Tal situação tende a apresentar desafios verdadeiramente dramáticos tanto à


estabilidade quanto ao reconhecimento de experiências colaborativas, mas, creio, não
podem ser obliterados no cenário político globalmente integrado, e muito menos em
instâncias, como o caso de pesquisadores que pesquisam em cidades de sua residência
fixa, nas quais os vários atores do processo de busca de conhecimento (pesquisadores,
comunidades, instituições) interagem com posições politicamente interessadas, em geral,
em processos de longo prazo. Novos sujeitos de pesquisa, estratégias interdisciplinares,
colaboração intersubjetiva e interinstitucional, a criação de novas instituições, mas acima
de tudo a consciência macropolítica das assimetrias, hierarquias e formas de exploração,
são aspectos-chave dessa grande guinada em teoria e prática.
A proximidade e a interação de pesquisadores acadêmicos e seus interlocutores
não-acadêmicos, mesmo que apenas tacitamente, pressionam de modo mais acentuado e
sistematicamente as premissas e manifestações concretas com os indivíduos de instâncias
sociais envolvidos, demandando disposições intelectuais e materiais que vão além daquelas
usualmente exercidas nos âmbitos relativamente controlados pela razão acadêmica.
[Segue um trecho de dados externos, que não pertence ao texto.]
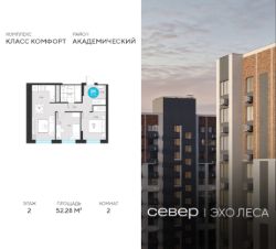 Продаётся квартира площадью 52.28 м2 в жилом комплексе ''Эхо леса''.Квартира находится на 2 этаже, жилая площадь квартиры 19.67 м2, площадь просторной кухни — м2. Среди особенностей планировки — изолированные комнаты с окнами на одну сторону, 1 совмещённый санузел. Срок сдачи — I кв. 2028Жилой комплекс ''Эхо леса'' — это: - дом в эко-стиле - двор с выходом в лесопарк - лаконичная архитектура - развитая инфраструктура вокруг квартала Инфраструктура В окружении проекта — вся необходимая инфраструктура: детские сады, школы, спортивный комплекс, продуктовые магазины, аптеки, кофейни, рестораны и салоны красоты. Благоустройство Концепция двора-парка продолжает тему леса. Ландшафт с продуманным всесезонным озеленением дополняют акценты: сухой ручей из камней, столы и навесы из натурального дерева, эко-тропы, фонтан и променад. Для взрослых предусмотрены пешеходные и велодорожки, для детей — игровые площадки для разных возрастов. Архитектура Переменная высота секций создаёт выразительный архитектурный облик. На фасадах — игра контрастных, при этом природных оттенков. Динамики зданию придают текстуры материалов: фактурной штукатурки и клинкерного кирпича. Лобби Интерьер в холле продолжает концепцию квартала и выполнен в эко стиле. В отделке используются элементы природных материалов с изображениями листвы и деревьев. Паркинг Тёплый подземный паркинг организован как единое пространство с собственным дизайном. Кладовые Индивидуальные помещения на техническом этаже — способ сохранить пространство в квартире. Попасть в кладовые можно на лифте. Планировки В продуманных планировках выделены тихие и шумные зоны. Приватные спальни и кабинеты спрятаны от маршрутов домашнего движения, а кухни-гостиные с барной стойкой вместо стены — всегда готовы к семейным праздникам. Из окон квартир открываются живописные виды на лес.
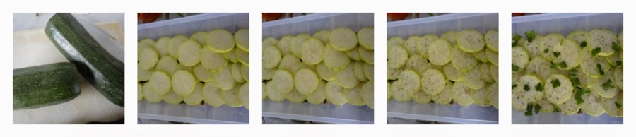 Seguimos pelando el calabacín y cortándolo en rodajas no demasiado gruesas (1/2 cm). Colocamos las rodajas de calabacín sobre los champiñones y, de nuevo, las espolvoreamos con sal, azúcar moreno, pimienta negra y perejil picado.
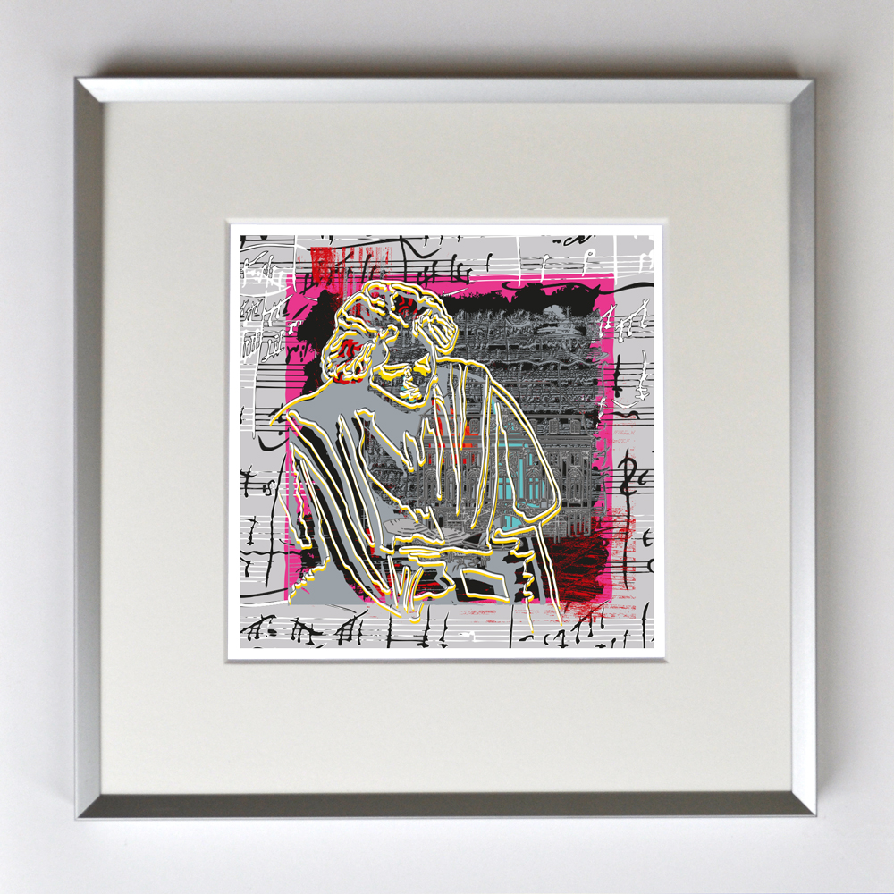 Beethoven Impressionen, gerahmt mit Passepartout, Bildmaß 14 x 14 cm, Rahmenmaß 22 x 22 cm, € 25,00
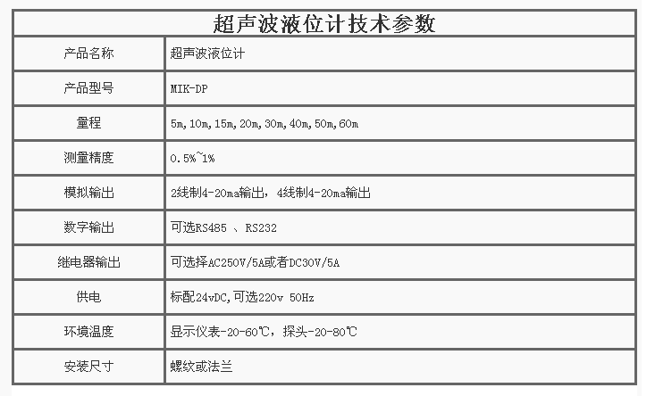 MIK-DP一體式超聲波液位計(jì),集液位水位測(cè)距顯示變送等功能于一體,被測(cè)介質(zhì)幾乎不受限制,可廣泛應(yīng)用于各種液體和固體物料高度的測(cè)量。
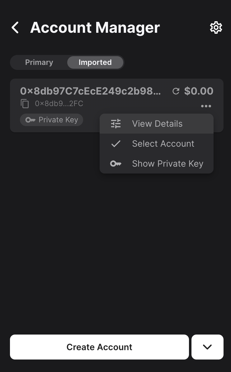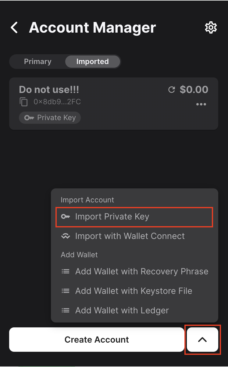 To add the private key to your core wallet, open the core extension and navigate to the Account Manager
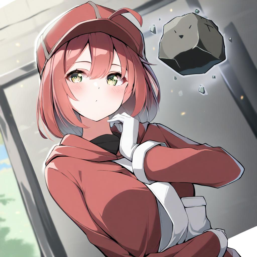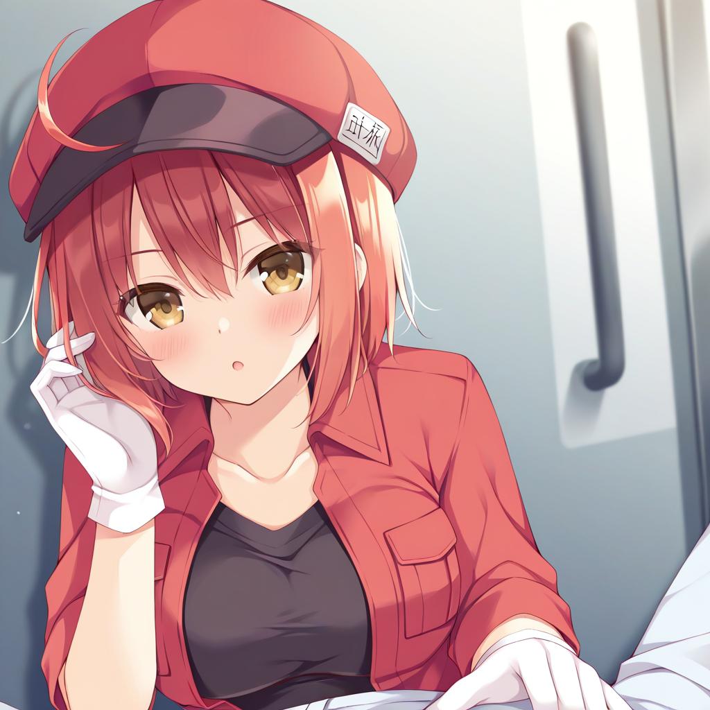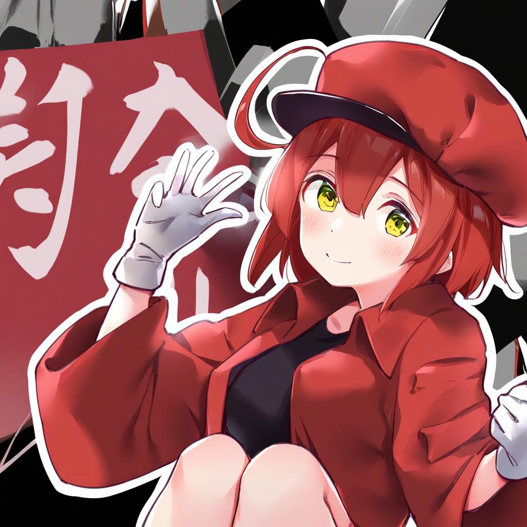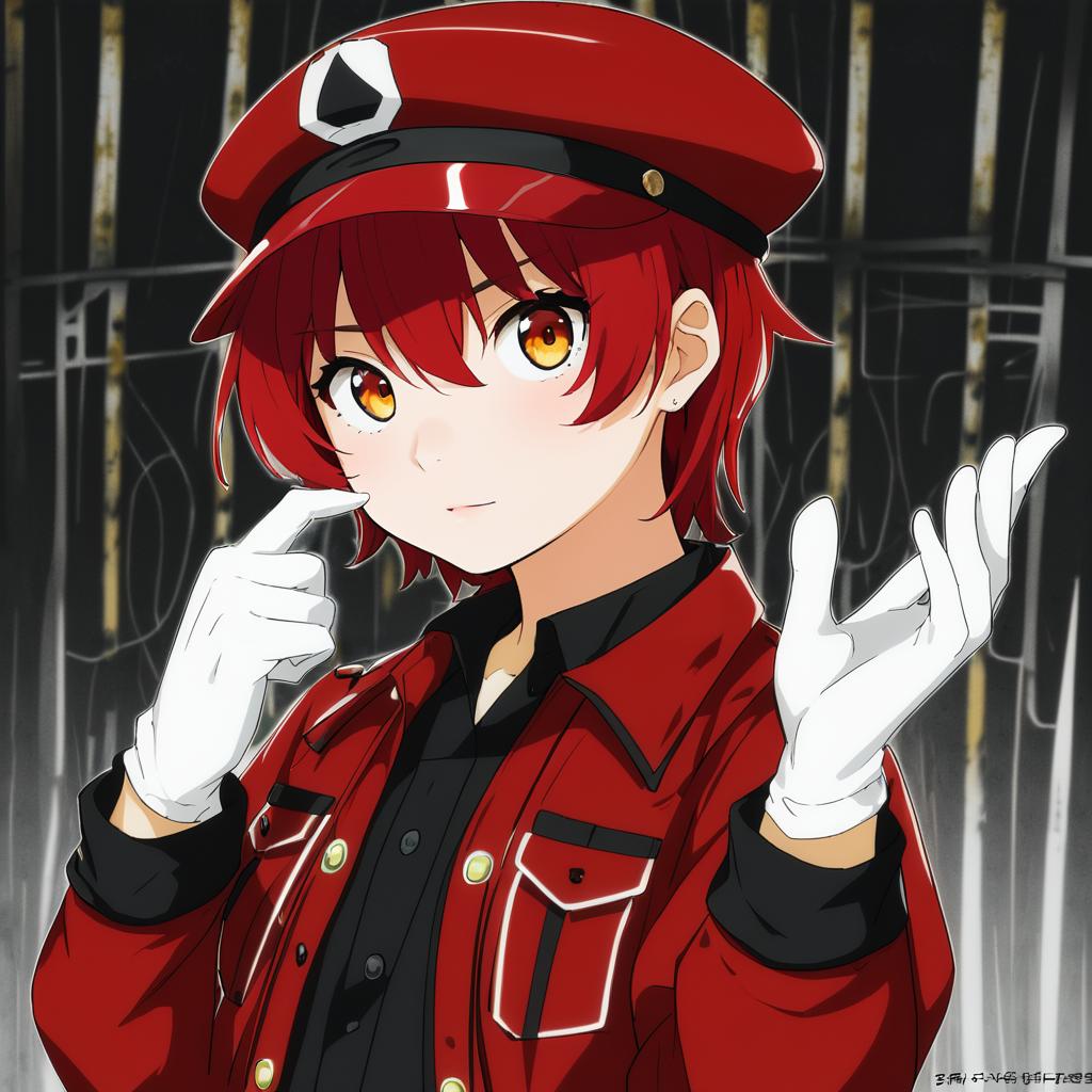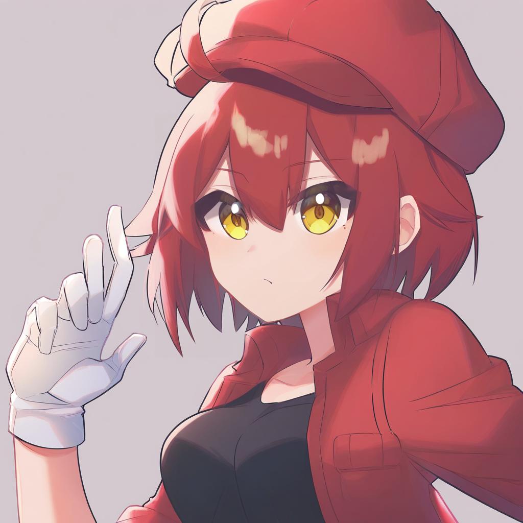 Ae-3803, hataraku saibou, 1girl, yellow eyes, hair between eyes, red hair, short hair, ahoge, medium breasts, cabbie hat, red jacket, white gloves, black shirt, red headwear, by artist yuyaiyaui, leet
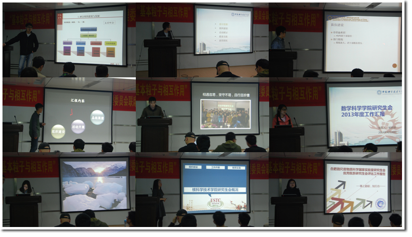评审答辩一开始,各院系研究生会的负责人按照抽签顺序依次进行了ppt展示和陈述,通过对2013年度工作的全面梳理、总结,从组织建设、工作开展、联系交流等方面进行了详细的介绍,随后回答了评委提问。
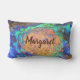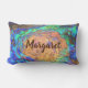 Cet oreiller abstrait à lancer dispose d'un motif en mosaïque brillante qui capture la couleur unique et le motif d'une coquille d'ormeau poli avec votre nom. Les spirales colorées orange, turquoise et violette vibrantes qui entourent le centre de cette photo ont été présentées à la fois à l'avant et à l'arrière de ce coussin. Votre nom apparaît dans contre les carreaux orange vif et peut facilement être personnalisé sur l'écran de commande.
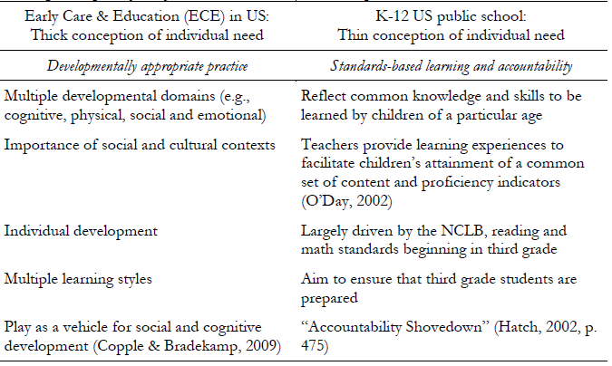 Inequalities. The past decade in the US has witnessed an explosion of attention to the leveraging of enhanced early educational experiences for students who may otherwise arrive in school less prepared with early literacy, numeracy, and socioemotional skills. While the language of politicians and educators is about broad early childhood experiences, this policy lever has aimed at the enhancement of learning opportunities and socialization of 4 year olds in a program referred to as Pre- Kindergarten (Obama, 2014). The recent push by professional organizations, states, and national governments has been on making PreK universal (e.g., UPK) promoting access to PreK for all 4 year olds (Rose, 2010). It has achieved national prominence in the US, and the motivation behind the movement to increase access to PreK programs can be found in the literature on the successes of early care programs (e.g., Deming, 2009) in what is termed Early Care and Education (ECE) and the expanded reach of the K-12 educational system to include PreK programs for 4 year olds. McCabe & Sipple (2011) have examined these “colliding worlds”, including their political, professional, and curricular differences. In short, the ECE world is built upon a set of assumptions and interventions that privilege a thick conception of need, while the K-12 version of PreK is typically designed and implemented using the thin conception of individual need. In addition, the ECE world represents the semi-formal sector described in a previous section reviewing the social services literature, while the K-12 system can be characterized as the formal sector. Table 1 summarizes key differences in the teaching philosophies of the ECE and K-12 worlds. We use these differences to illustrate the thick version of individual need (ECE) and the thin version (K-12). The ECE principles include multiple developmental domains and highlight the development of a child in both a social and cognitive manner. Conversely, the professionalized model of education in schools (K-12) targets almost exclusively the cognitive domains of learning in learning specific content driven by state-established standards.
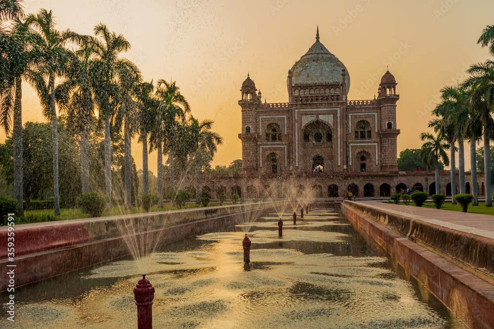 Delhi, India; Feb, 2020 : fountains in front of Safdarjung's Tomb, Delhi, India
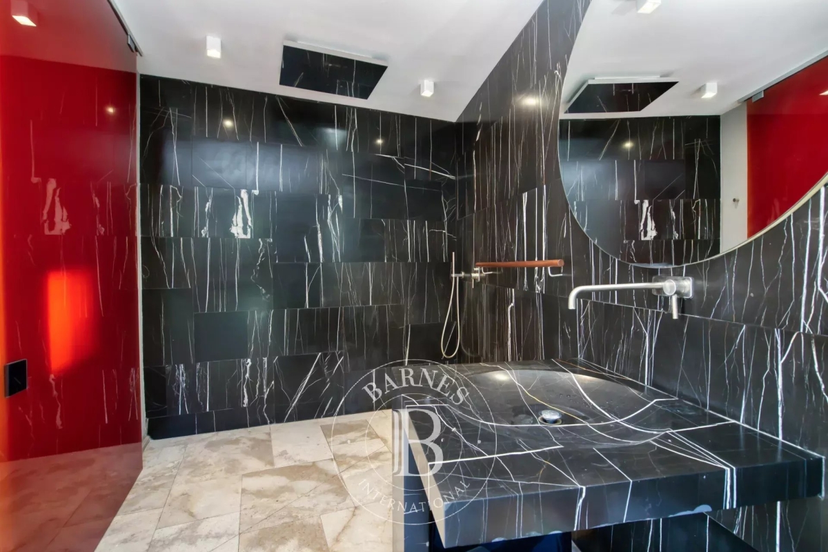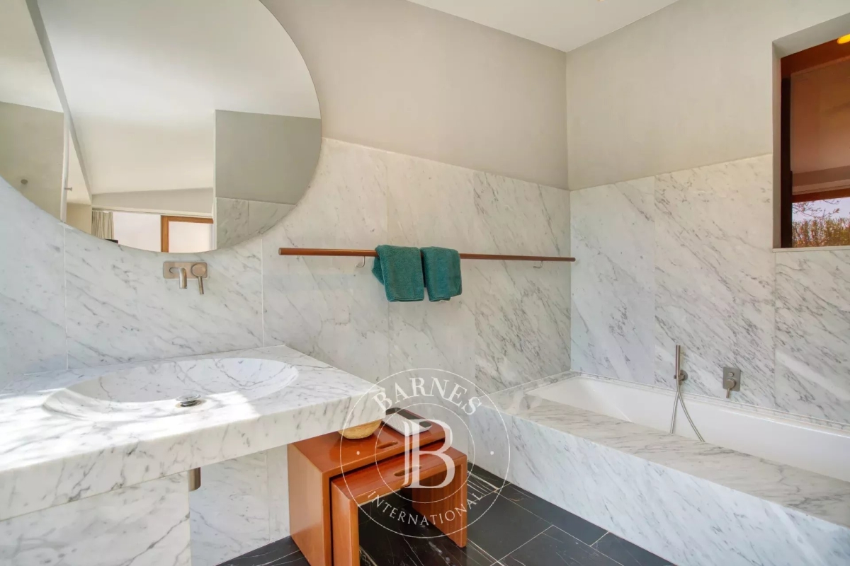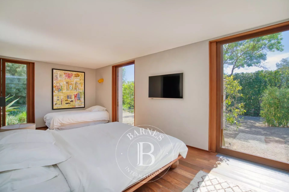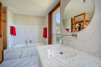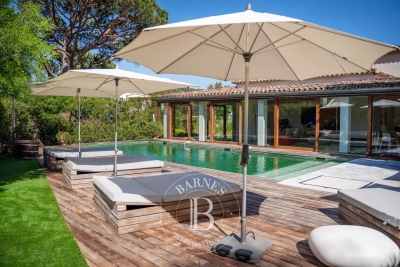 Située dans le quartier de Tahiti, cette villa d'environ 390m² offre une proximité directe avec la plage de Pampelonne. Elle se compose d'une belle pièce de vie et d'une cuisine équipée ouverte sur de belles terrasses et sur la piscine ainsi que quatre chambres en suite et une chambre de Maître. En extérieur, un jardin joliment arboré, de beaux espaces détente ainsi qu'une belle piscine émeraude. Équipements : Climatisation, WIFI, places de parking. Services inclus : Ménage, linge de maison, linge de piscine et service de conciergerie BARNES personnalisé. Numéro de loueur meublé : 83101 000114 FI « Les informations sur les risques auxquels ce bien est exposé sont disponibles sur le site Géorisques : www.georisques.gouv.fr » DPE en cours Bien situé dans une zone soumise à l'obligation de débroussaillement. Jessy PERROT - Agent commercial - EI - RSAC 833 330 913 Contact: +33652040169.
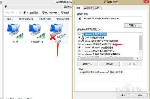 选择internet协议4设置。选择自动获取ip地址以及 DNS服务器地址。
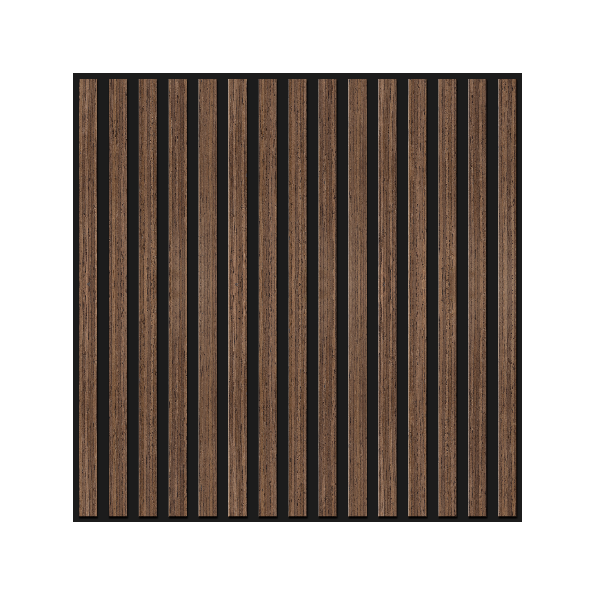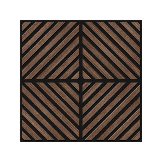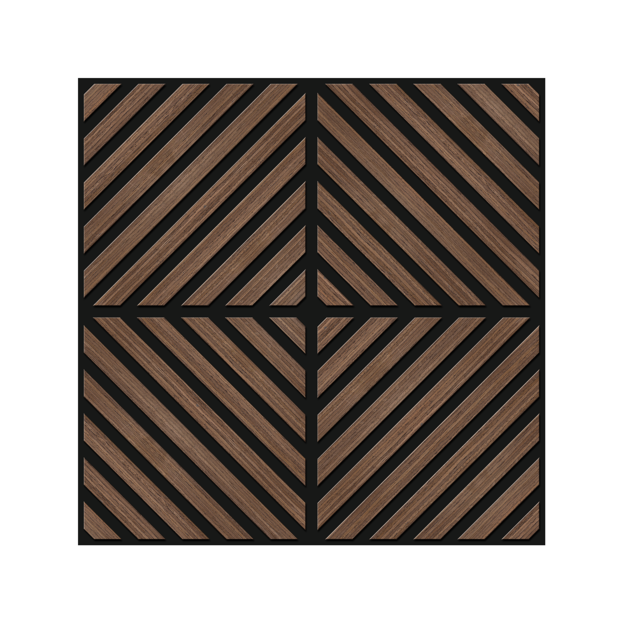 Palillería acústica con patrón geométrico en nogal oscuro sobre fondo negro. Diseño de alta gama con propiedades de absorción de sonido.

Este
quadro exige atenção a uma miríade de interesses, alianças e estratégias em constante
recriação, em contextos complexos e rapidamente mutáveis, revelando a urgência de
experimentos metodológicos não-ortodoxos afinados com as mudanças politicamente
sensíveis observadas nas ciências humanas. Nas seções seguintes, abrem-se à discussão
alguns experimentos.

Fundamentando teoria e prática em estudos de caso

Compreendendo desde pesquisadores seniores, alunos de pós-graduação e graduação,


o Laboratório de Etnomusicologia da Universidade Federal do Rio de Janeiro desenvolve
duas pesquisas distintas com duas organizações não-governamentais (doravante ONGs)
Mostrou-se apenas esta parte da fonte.